┌──

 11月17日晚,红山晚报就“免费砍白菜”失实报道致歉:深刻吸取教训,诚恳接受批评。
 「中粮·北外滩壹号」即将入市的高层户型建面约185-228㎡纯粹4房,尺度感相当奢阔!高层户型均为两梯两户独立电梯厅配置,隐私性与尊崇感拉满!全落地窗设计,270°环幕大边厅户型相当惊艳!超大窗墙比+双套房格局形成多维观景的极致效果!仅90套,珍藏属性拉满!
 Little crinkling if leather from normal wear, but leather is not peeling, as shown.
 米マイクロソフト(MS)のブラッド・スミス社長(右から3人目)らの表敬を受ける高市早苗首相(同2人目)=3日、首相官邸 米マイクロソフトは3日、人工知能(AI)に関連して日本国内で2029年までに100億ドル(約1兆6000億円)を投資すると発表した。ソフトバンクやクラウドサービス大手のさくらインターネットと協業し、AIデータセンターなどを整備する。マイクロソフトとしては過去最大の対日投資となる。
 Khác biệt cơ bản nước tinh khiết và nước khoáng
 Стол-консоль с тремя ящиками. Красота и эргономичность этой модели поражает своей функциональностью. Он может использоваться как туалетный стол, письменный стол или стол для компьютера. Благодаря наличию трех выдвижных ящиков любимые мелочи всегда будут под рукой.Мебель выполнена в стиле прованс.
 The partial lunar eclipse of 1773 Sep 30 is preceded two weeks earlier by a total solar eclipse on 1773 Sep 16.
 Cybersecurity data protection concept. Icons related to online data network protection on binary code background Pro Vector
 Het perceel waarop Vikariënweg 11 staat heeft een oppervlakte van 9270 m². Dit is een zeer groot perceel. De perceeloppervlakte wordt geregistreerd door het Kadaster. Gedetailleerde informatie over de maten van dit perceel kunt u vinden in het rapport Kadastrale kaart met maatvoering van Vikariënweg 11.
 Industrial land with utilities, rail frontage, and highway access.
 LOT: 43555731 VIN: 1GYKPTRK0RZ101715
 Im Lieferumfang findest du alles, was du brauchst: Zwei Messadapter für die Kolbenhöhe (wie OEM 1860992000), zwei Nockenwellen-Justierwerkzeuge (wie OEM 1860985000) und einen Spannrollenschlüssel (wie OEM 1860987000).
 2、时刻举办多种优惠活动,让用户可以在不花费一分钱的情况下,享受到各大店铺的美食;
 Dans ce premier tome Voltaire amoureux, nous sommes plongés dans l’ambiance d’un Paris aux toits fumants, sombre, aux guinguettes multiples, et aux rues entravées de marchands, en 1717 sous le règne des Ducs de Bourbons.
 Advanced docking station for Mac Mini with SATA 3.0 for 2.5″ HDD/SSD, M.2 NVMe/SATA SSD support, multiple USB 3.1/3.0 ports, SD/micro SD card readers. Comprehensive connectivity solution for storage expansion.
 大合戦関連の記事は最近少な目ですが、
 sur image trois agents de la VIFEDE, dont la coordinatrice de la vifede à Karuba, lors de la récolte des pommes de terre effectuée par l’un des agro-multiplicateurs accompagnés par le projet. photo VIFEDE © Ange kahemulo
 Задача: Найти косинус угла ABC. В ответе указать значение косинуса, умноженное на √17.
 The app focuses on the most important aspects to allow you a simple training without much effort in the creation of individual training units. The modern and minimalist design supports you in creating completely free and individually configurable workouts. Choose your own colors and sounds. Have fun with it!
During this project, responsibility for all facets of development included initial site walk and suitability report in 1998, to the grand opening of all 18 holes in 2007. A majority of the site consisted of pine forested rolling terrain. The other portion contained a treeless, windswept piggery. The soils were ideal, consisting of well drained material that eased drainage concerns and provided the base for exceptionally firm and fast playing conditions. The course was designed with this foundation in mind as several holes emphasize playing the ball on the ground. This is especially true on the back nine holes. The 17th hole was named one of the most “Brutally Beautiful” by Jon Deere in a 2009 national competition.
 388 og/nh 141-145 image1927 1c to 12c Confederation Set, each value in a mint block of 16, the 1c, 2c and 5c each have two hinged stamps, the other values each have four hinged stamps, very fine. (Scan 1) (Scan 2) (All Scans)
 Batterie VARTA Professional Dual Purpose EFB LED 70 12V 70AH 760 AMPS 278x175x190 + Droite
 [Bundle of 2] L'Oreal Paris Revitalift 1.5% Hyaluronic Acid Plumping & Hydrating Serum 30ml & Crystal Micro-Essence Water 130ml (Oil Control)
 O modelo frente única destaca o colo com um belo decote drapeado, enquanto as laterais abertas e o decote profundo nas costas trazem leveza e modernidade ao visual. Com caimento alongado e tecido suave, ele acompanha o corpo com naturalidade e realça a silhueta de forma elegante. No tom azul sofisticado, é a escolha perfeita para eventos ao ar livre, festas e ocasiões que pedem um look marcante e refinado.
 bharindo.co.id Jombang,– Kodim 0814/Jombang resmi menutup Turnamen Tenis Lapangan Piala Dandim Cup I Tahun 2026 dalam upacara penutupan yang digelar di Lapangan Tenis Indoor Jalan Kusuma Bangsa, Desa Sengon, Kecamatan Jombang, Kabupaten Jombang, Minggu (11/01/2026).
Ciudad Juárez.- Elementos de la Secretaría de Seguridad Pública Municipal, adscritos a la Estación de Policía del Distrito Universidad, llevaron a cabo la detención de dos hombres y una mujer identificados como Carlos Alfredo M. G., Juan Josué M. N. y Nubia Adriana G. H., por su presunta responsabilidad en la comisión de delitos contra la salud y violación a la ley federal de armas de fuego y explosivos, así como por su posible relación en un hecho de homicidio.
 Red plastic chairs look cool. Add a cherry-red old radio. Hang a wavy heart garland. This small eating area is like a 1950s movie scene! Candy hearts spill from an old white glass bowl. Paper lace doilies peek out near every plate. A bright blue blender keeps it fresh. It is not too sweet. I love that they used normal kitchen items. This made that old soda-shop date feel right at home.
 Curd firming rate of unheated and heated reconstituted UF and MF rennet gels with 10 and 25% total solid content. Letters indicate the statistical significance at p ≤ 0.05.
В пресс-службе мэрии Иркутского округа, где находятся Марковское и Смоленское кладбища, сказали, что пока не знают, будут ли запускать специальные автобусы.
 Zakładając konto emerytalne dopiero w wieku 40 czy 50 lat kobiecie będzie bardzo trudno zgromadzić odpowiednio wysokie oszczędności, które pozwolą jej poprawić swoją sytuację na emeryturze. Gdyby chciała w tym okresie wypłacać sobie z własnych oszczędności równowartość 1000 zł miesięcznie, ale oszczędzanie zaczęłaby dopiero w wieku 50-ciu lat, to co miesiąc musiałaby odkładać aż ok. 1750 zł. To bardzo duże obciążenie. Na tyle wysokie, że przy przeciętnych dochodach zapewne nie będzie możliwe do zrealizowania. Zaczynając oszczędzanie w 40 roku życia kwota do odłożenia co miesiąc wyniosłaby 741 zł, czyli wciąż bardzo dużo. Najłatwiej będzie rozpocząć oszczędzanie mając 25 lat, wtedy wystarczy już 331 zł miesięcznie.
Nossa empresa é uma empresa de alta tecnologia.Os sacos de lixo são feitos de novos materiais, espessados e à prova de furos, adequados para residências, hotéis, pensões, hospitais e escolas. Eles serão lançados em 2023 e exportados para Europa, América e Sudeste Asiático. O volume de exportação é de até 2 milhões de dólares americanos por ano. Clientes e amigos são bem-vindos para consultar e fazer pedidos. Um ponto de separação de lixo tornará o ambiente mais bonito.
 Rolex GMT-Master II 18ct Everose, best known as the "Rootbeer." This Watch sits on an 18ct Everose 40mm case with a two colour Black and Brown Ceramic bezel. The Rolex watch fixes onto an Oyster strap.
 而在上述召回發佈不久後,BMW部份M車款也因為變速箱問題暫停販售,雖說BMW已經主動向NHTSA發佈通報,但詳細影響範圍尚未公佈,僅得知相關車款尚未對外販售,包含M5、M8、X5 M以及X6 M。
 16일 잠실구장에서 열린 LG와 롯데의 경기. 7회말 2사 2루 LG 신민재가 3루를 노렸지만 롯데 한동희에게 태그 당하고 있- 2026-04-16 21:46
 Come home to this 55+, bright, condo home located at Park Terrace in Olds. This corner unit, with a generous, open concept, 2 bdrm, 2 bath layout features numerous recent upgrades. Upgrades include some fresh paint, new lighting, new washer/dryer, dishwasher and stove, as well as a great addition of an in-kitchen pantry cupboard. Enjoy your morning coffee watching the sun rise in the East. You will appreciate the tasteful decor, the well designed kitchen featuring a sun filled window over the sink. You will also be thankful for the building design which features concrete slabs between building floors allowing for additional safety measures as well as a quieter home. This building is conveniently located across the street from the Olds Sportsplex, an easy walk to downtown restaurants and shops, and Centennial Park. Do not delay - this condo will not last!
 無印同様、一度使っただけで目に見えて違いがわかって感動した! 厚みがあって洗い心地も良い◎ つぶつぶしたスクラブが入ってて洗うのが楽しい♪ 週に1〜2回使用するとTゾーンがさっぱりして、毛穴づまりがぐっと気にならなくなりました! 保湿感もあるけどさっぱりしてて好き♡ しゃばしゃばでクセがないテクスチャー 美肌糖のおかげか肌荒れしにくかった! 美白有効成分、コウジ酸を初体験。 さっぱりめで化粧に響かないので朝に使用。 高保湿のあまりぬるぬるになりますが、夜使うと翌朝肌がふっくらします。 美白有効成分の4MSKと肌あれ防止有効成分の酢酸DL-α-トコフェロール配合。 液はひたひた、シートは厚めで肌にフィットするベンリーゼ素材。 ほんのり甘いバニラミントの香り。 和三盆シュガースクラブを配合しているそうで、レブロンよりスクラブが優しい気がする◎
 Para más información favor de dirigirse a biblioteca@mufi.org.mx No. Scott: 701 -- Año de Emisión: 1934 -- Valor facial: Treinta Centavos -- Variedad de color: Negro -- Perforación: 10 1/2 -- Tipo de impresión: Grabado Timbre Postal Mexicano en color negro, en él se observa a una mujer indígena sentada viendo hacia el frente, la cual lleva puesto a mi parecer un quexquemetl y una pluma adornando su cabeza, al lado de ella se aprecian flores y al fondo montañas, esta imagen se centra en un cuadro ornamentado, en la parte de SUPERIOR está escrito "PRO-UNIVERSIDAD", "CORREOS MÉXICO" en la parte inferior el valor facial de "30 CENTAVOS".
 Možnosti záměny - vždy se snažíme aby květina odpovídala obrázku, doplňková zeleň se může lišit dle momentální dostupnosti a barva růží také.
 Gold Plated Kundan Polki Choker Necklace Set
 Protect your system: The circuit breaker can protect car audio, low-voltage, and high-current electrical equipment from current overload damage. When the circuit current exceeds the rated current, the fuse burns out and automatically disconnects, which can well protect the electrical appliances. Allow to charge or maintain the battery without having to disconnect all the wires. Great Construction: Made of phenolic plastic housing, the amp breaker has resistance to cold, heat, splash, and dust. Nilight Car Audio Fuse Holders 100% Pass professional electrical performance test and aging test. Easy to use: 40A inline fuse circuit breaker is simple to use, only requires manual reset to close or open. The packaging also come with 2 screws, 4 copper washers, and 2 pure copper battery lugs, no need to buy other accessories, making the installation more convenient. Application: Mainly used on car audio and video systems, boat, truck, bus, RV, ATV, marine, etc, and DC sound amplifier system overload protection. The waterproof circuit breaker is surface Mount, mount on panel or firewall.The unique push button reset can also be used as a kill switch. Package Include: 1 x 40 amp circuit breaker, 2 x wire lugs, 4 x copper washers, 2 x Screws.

└──

What you will do =>
Where does the string "Paris" appear in the records above? Show every line that holds it.

Task response =>
 Dans ce premier tome Voltaire amoureux, nous sommes plongés dans l’ambiance d’un Paris aux toits fumants, sombre, aux guinguettes multiples, et aux rues entravées de marchands, en 1717 sous le règne des Ducs de Bourbons.
 [Bundle of 2] L'Oreal Paris Revitalift 1.5% Hyaluronic Acid Plumping & Hydrating Serum 30ml & Crystal Micro-Essence Water 130ml (Oil Control)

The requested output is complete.